> [What the task asks] Please produce an exact transcription of the lines from the one containing "大きなドーナツ形のイエロージ" through the last line of the entries, leaving out every picture.

Extracted records:
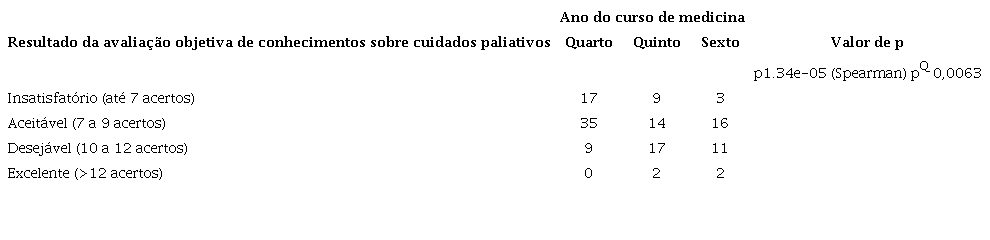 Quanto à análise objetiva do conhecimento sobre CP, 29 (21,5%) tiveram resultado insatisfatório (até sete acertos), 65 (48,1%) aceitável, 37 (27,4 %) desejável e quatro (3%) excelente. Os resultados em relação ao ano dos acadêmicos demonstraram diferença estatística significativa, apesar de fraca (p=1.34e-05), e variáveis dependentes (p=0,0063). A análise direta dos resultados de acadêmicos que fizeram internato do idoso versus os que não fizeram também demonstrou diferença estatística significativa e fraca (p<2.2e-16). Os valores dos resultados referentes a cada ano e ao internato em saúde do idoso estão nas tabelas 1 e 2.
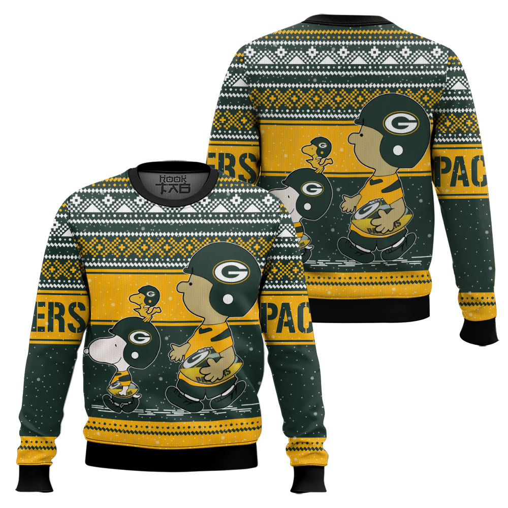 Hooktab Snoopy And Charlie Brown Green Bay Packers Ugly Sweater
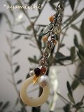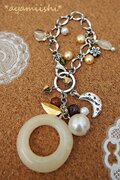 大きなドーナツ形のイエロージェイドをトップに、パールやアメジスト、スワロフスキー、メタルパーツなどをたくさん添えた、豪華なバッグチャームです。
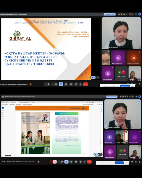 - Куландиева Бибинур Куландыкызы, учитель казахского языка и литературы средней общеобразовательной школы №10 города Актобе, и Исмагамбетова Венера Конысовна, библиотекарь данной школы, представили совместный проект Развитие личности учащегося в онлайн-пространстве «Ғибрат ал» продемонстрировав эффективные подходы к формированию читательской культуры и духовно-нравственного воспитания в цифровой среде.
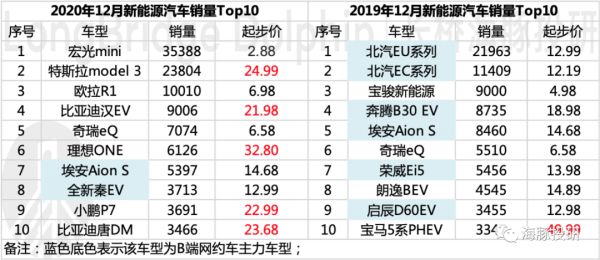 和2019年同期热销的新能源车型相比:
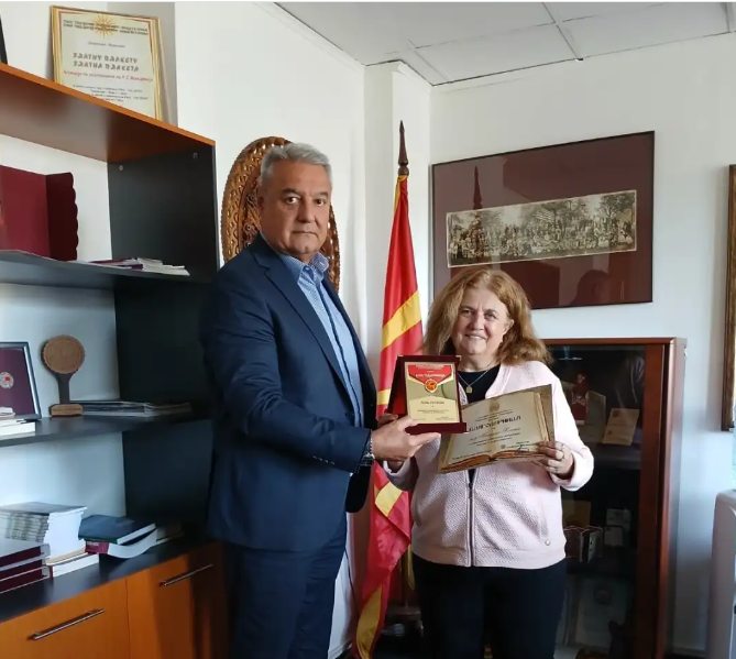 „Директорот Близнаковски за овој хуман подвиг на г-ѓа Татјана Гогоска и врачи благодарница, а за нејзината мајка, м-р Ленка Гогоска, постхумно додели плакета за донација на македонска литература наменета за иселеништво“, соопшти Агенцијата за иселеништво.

> [Solved problem]
 大きなドーナツ形のイエロージェイドをトップに、パールやアメジスト、スワロフスキー、メタルパーツなどをたくさん添えた、豪華なバッグチャームです。
 - Куландиева Бибинур Куландыкызы, учитель казахского языка и литературы средней общеобразовательной школы №10 города Актобе, и Исмагамбетова Венера Конысовна, библиотекарь данной школы, представили совместный проект Развитие личности учащегося в онлайн-пространстве «Ғибрат ал» продемонстрировав эффективные подходы к формированию читательской культуры и духовно-нравственного воспитания в цифровой среде.
 和2019年同期热销的新能源车型相比:
 „Директорот Близнаковски за овој хуман подвиг на г-ѓа Татјана Гогоска и врачи благодарница, а за нејзината мајка, м-р Ленка Гогоска, постхумно додели плакета за донација на македонска литература наменета за иселеништво“, соопшти Агенцијата за иселеништво.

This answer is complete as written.